- Born: 2003 (age 22–23)
- Known for: Chitosan and Carbon Nanoparticle Based Biocompatible Sensor for Wound Management
- Awards: Winner in Google Science Fair (2016) First Place in Mathematics Broadcom MASTERS (2016) Minor Planet 33118 Naiknaware discovered by MIT LINEAR Lincoln laboratory is named after her Teen Vogue 21 Under 21 (2017) Honored OMSI Teen (2018) Research Science Institute, Center for Excellence in Education (2020)

= Anushka Naiknaware =

Indian-American inventor, scientist and speaker

Anushka Naiknaware, pronounced [əˈnʊʂkaː naːi:kanəʋərɛː] (born 2003 in Portland, Oregon) is an Indian-American inventor, scientist, and speaker.

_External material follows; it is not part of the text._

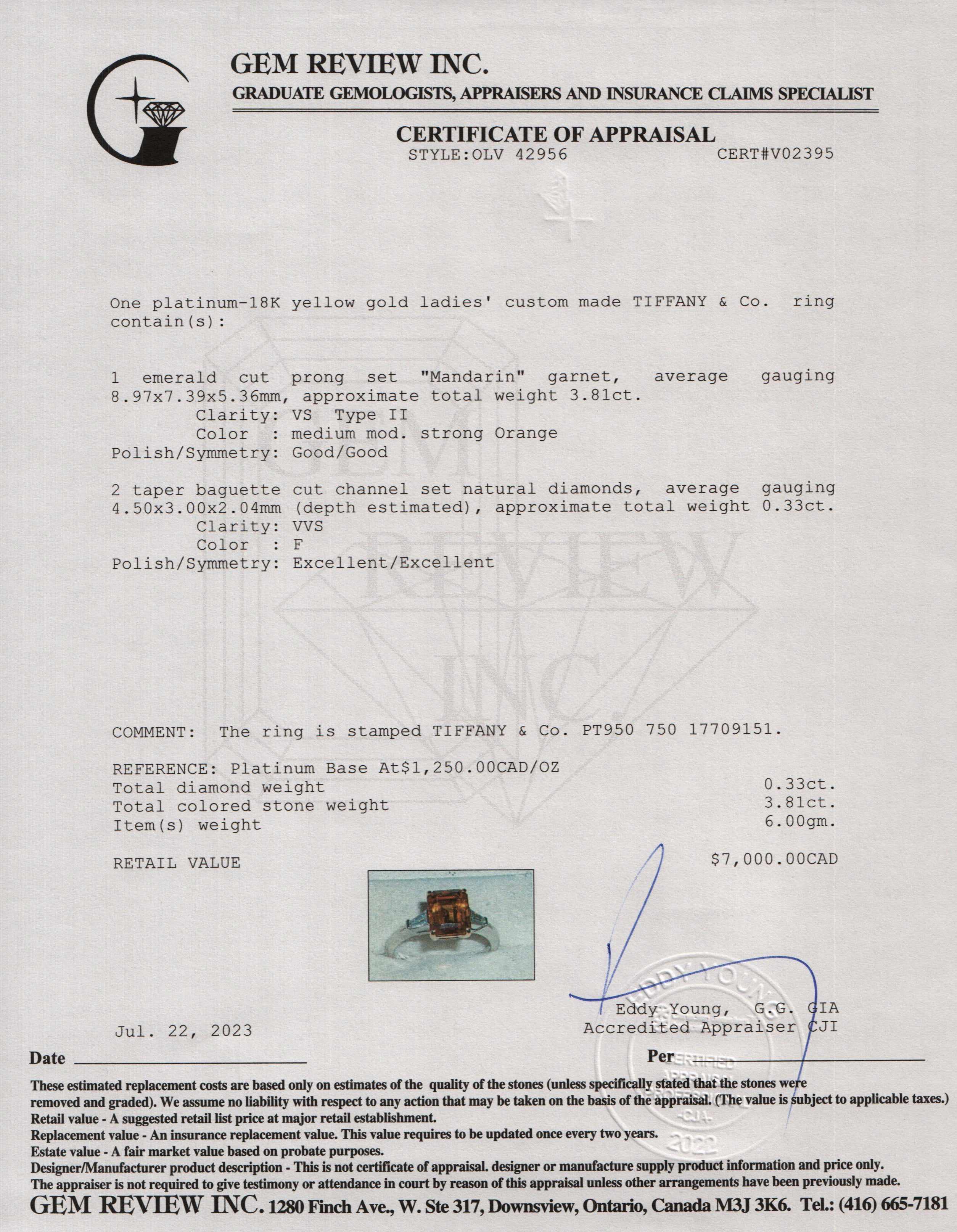 - 1 Emerald Cut Mandarin Garnet Weighing 3.81 ct.
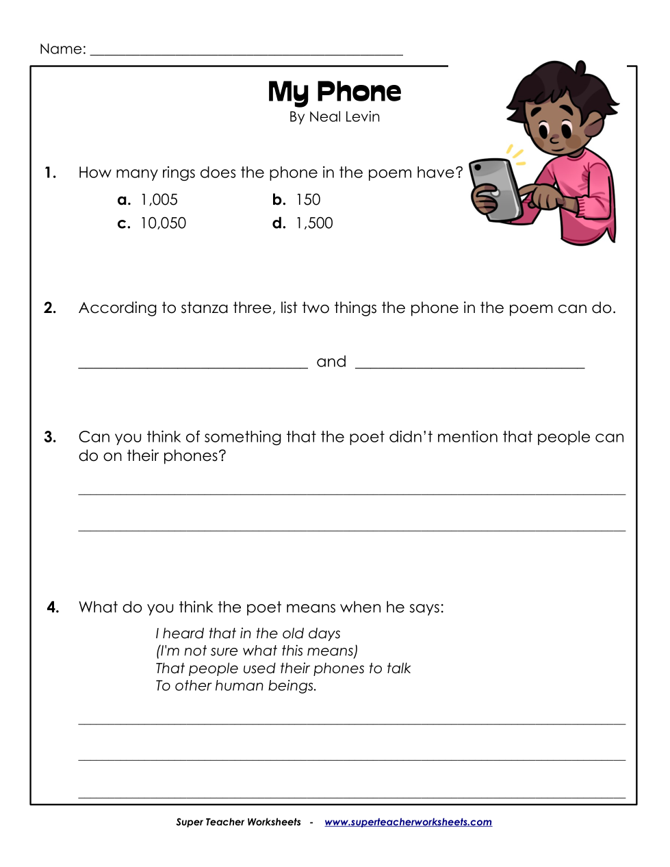 According to stanza three, list two things that the phone in the poem can do. _______ _______

She is known for being the youngest person to win the Google Science Fair Award in 2016. Born in Portland, Naiknaware created a Chitosan and Carbon Nanoparticle Based Biocompatible Sensor for Wound Management smart bandage that alerts doctors when it needs to be changed.

In 2020 she was part of Research Science Institute (RSI) conducted by Center for Excellence in Education (CEE) which brings together top STEM talent from around the world. Since 2021 she is attending Massachusetts Institute of Technology as an undergraduate student.

She was awarded the Lego Education Builder Award. She also won the first place in Mathematics STEM Award at the 2016 Broadcom MASTERS competition. In 2017, she was honored 21 Under 21 at Teen Vogue Summit by Teen Vogue Magazine published by Condé Nast. A minor planet, 33118 Naiknaware, discovered by MIT LINEAR Lincoln laboratory is named after her.

In 2021 she was a State of Oregon Legislative Intern where she worked for representative Susan McLain. There she provided critical COVID-19 scientific analytics for decision making.

In 2017 she was invited to speak at TED Conference. As a TED Speaker
, the talk was published in 2018. She is a speaker and advocates passion for innovation and STEM, especially for girls.